WaPo's Joe Heim: Country Music Often Filled with Hate

Photo of Ken Shepherd.

 "When they're runnin' down my country [music], man, they're walkin' on the fightin' side of me."

Merle Haggard's most famous lyric could well be adapted to express the reaction country music fans may have upon reading Joe Heim's latest review in the June 30 Washington Post.

Heim's lead paragraph begins with a drive-by attack on the genre as a whole:

Country music has always had something of an image problem, particularly among people who fancy themselves as progressives. Immigrant-trashing, gay-bashing, race-baiting, women-hating songs aren't hard to find in the country catalogue.

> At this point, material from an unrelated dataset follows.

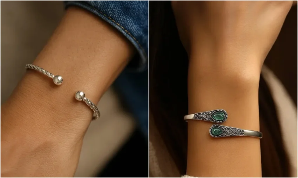 ओपन या कफ स्टाइल सिल्वर बैंगल्स आजकल काफी ट्रेंड में हैं. इन्हें पहनना आसान होता है और ये वेस्टर्न आउटफिट्स के साथ भी बहुत अच्छी लगती हैं. जींस, टॉप या ड्रेसेस के साथ ये आपको स्मार्ट और कॉन्फिडेंट लुक देती हैं.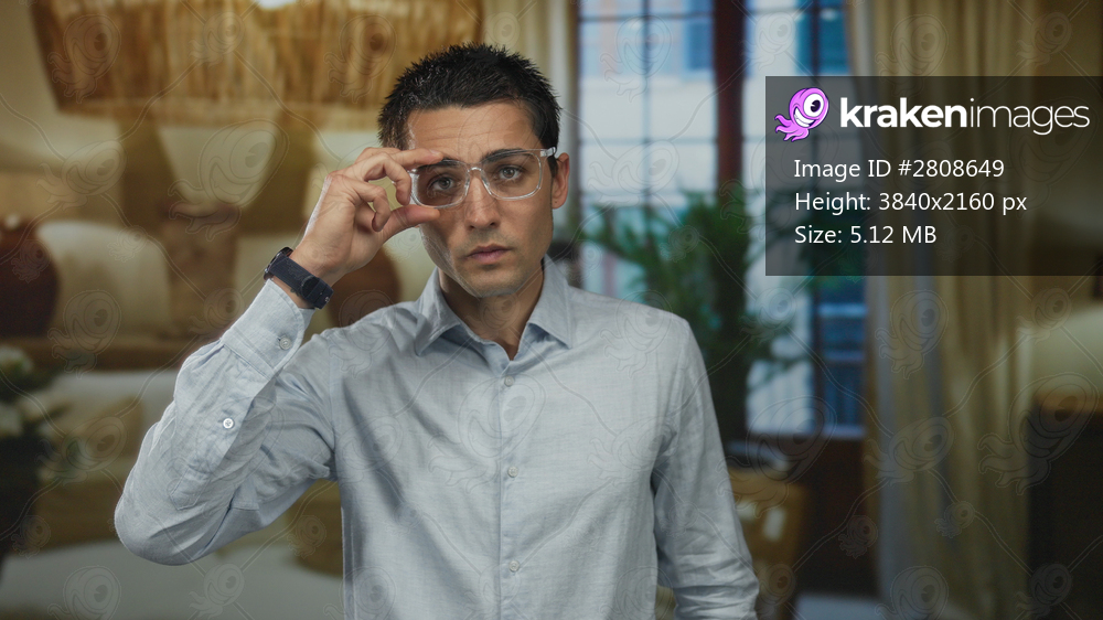 Young hispanic man lifts clear eyeglass frames to his face in a hotel suite with decorative lamps and curtains; concentration.

Heck, sometimes you can find them all on a single album. 

Heim set forward this straw man in order to more effusively praise country artist Brad Paisley as a "forward-thinking" artist in the vein of say the Bush-bashing "Dixie Chicks" for his latest album, "American Saturday Night" which "celebrates cultural diversity, lionizes women, stirringly welcomes a black president and, for good measure, whoops it up about drinkin' and fishin.'"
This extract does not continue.